:: Records provided
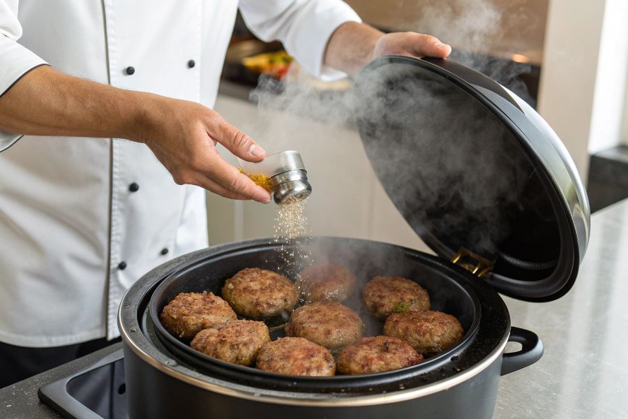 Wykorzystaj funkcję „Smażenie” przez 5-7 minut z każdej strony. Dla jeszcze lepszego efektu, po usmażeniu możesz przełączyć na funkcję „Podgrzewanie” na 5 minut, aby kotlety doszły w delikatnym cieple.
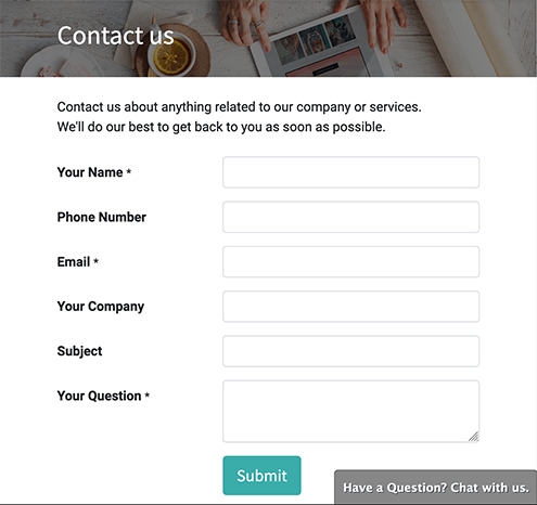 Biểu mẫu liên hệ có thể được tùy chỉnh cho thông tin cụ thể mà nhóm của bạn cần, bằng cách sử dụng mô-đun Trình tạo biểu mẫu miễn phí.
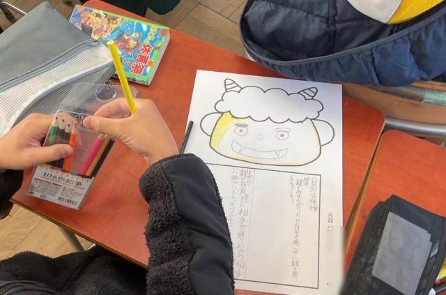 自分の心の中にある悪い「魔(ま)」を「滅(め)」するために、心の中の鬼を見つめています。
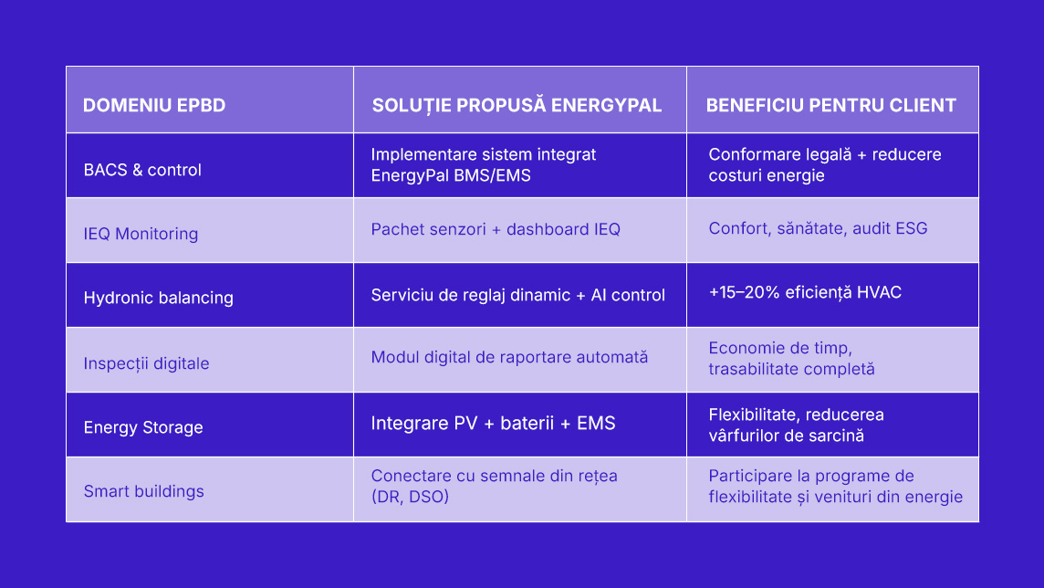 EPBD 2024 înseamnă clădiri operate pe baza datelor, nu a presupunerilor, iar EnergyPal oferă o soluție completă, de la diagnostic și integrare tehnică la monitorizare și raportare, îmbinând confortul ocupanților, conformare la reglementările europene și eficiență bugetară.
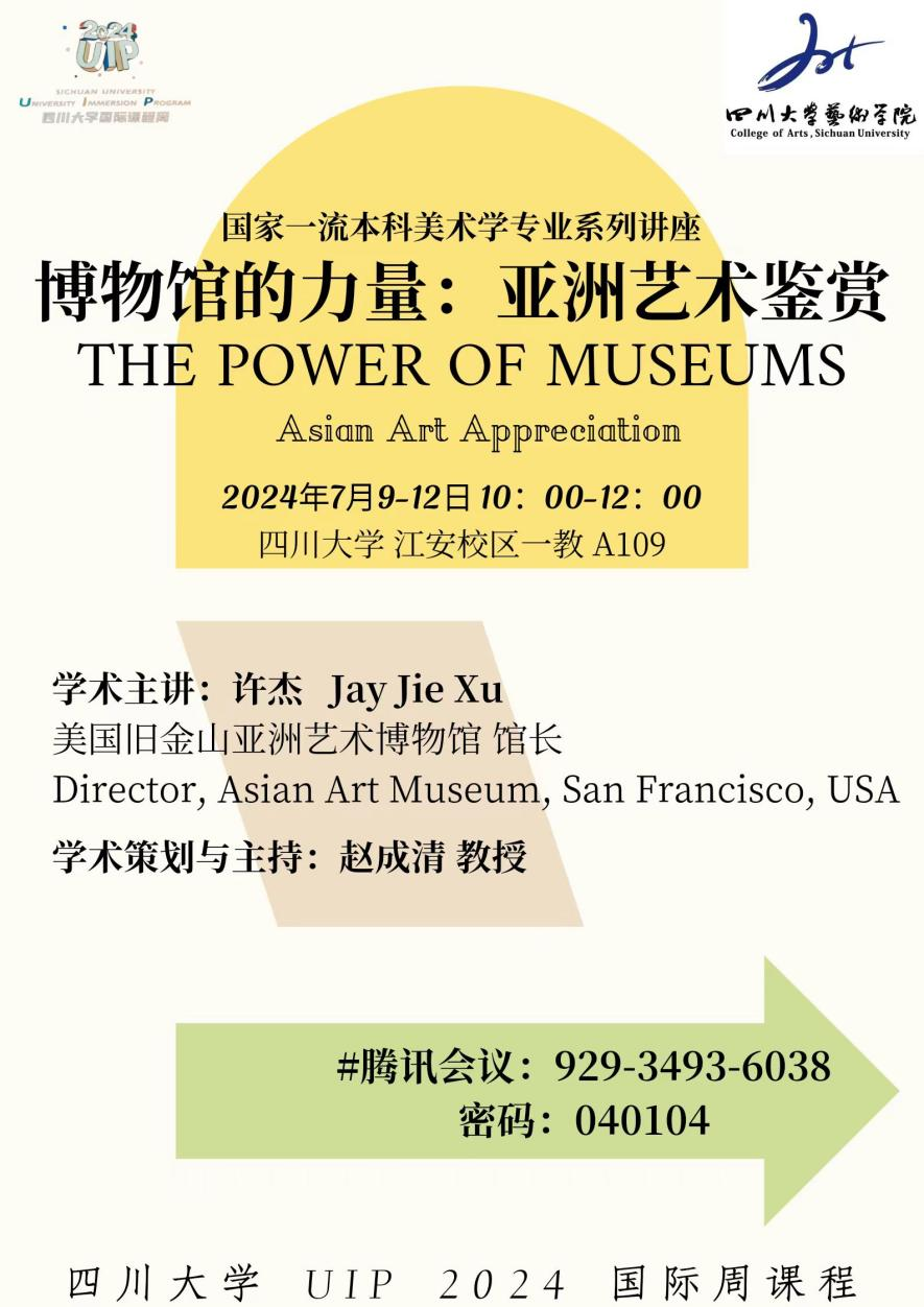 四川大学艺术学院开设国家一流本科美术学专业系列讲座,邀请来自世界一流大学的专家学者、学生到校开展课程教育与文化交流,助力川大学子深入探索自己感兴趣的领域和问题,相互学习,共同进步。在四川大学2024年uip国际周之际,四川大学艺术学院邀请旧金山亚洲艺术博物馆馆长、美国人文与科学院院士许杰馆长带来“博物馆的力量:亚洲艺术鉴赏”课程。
::::
Work item: What is needed is an exact repetition of every line from the line with "Biểu mẫu liên" to the end of the data above, both ends included, with no pictures.

Output for this exercise:
 Biểu mẫu liên hệ có thể được tùy chỉnh cho thông tin cụ thể mà nhóm của bạn cần, bằng cách sử dụng mô-đun Trình tạo biểu mẫu miễn phí.
 自分の心の中にある悪い「魔(ま)」を「滅(め)」するために、心の中の鬼を見つめています。
 EPBD 2024 înseamnă clădiri operate pe baza datelor, nu a presupunerilor, iar EnergyPal oferă o soluție completă, de la diagnostic și integrare tehnică la monitorizare și raportare, îmbinând confortul ocupanților, conformare la reglementările europene și eficiență bugetară.
 四川大学艺术学院开设国家一流本科美术学专业系列讲座,邀请来自世界一流大学的专家学者、学生到校开展课程教育与文化交流,助力川大学子深入探索自己感兴趣的领域和问题,相互学习,共同进步。在四川大学2024年uip国际周之际,四川大学艺术学院邀请旧金山亚洲艺术博物馆馆长、美国人文与科学院院士许杰馆长带来“博物馆的力量:亚洲艺术鉴赏”课程。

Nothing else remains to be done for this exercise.